Trusted data is the heart of trustworthy AI
COMMENTARY | AI systems are only as good as the data they are trained on -- that’s why a proper data management strategy is the key to success.
Amid the introduction of large-scale artificial intelligence implementation and initiatives across the federal government, NIST released a publication warning in January regarding privacy and security challenges arising from rapid AI deployment.
According to NIST, AI models are now facing several threats, including corrupted training data, security flaws, supply chain weaknesses and privacy breaches.
Unsecure data used to train AI models is at the heart of these emerging threats, which leads to poor outcomes and results that decision makers can’t act on. With these risks, it's vital that federal agencies have a data strategy that protects and safeguards sensitive information. Moving forward, investment in trusted data will be vital for the progress of AI in the public sector.
Security, governance, and trusted data
Trustworthiness and reliability of AI solutions requires a holistic approach that addresses the key areas of security and governance of attributable data. A breach or compromised AI systems can have severe consequences, impacting sensitive citizen data or even disrupting critical government services.

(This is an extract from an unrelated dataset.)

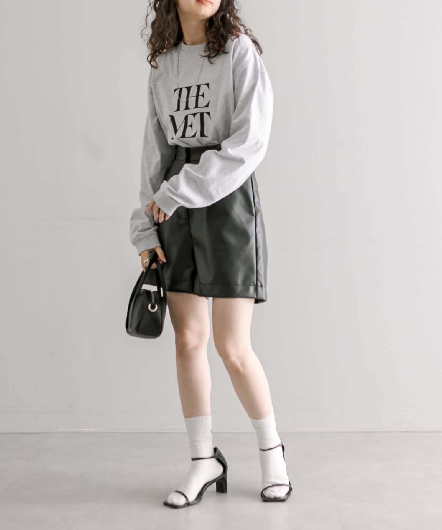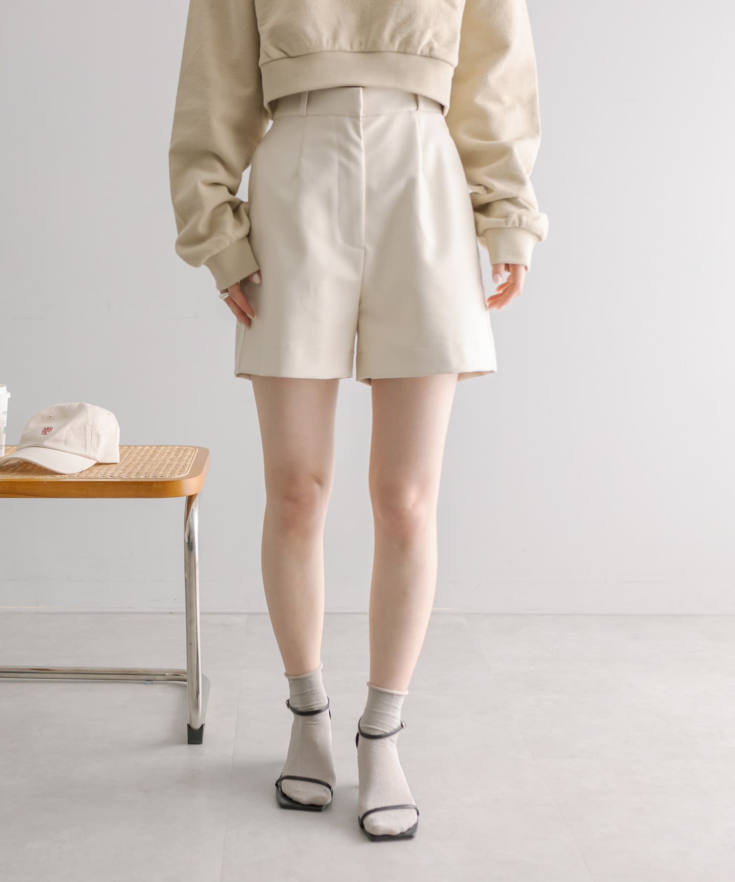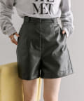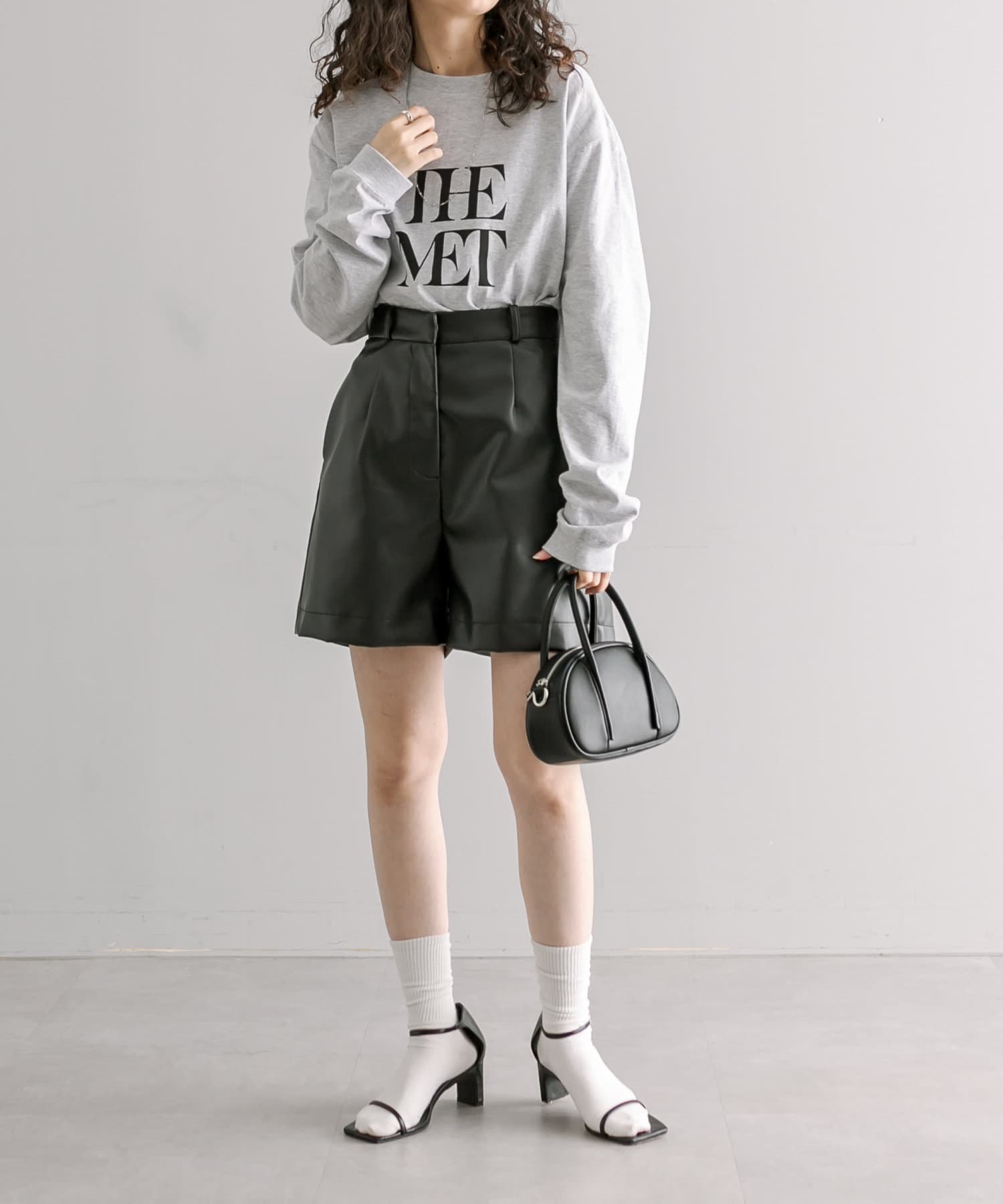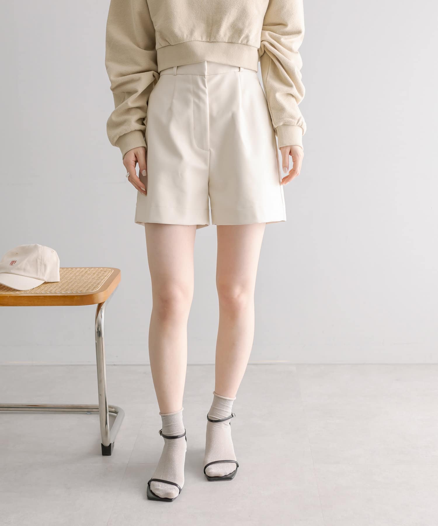・柔らかな生地感のフェイクレザー。ウエストもゴム仕様となっており履き心地抜群。

Beyond prioritizing robust security mechanisms around AI solutions, AI systems must operate within a framework that promotes ethical practices, transparency, and accountability. The federal government is working on establishing clear guidelines and regulations surrounding the use of AI, ensuring that algorithms are fair, unbiased, and respectful of privacy rights, including the recent executive order on the Safe, Secure, and Trustworthy Development and Use of AI.
At the heart of these initiatives is the establishment of trustworthy and secure AI systems, but trusted data is at the heart of any trusted AI solution. AI systems are only as good as the data they are trained on – that’s why a proper data management strategy is the key to success.
Creating a proper data management strategy
Functional AI relies on clean, secure data. Secure data can be accomplished by the use of open data lake houses, which facilitate data literacy and data-driven operations by enhancing trust in data through governance.
Open data lakehouses are centralized repositories that allow for the storing and distribution of data. They increase flexibility to expand AI and analytics while making data more accessible, providing self-service analytics, ensuring data quality and simplifying data security. Data lakehouses also provide end-to-end management and control capabilities throughout the data lifecycle.
AI requires detailed knowledge of the applicable data necessary to support complex analyses, and the government needs to know where the essential data is located and stored in order to move forward, whether it be on-premise, off-premise or in the cloud. Knowing where and how your data is stored is key to mission success.
Data is the foundation of any AI solution. In order to properly support agency missions, the vector databases and language models require trusted data that can be utilized appropriately. If the data can’t be trusted then AI can’t progress to provide trustworthy, actionable results. Amid rising security threats to AI models, it’s important for federal agencies to maintain data integrity, privacy, and compliance with regulatory requirements.
Open data initiatives and data lakehouses provide the government with the means to consolidate and securely manage their data assets. These approaches will ensure its availability for AI applications while maintaining privacy and compliance. Although agencies are receiving an abundance of recommendations and guidance around AI implementation, much of this can be simplified to the key principle of any trustworthy AI solution – and that is trusted data.
Editor's note: This article was updated on March 1, 2024.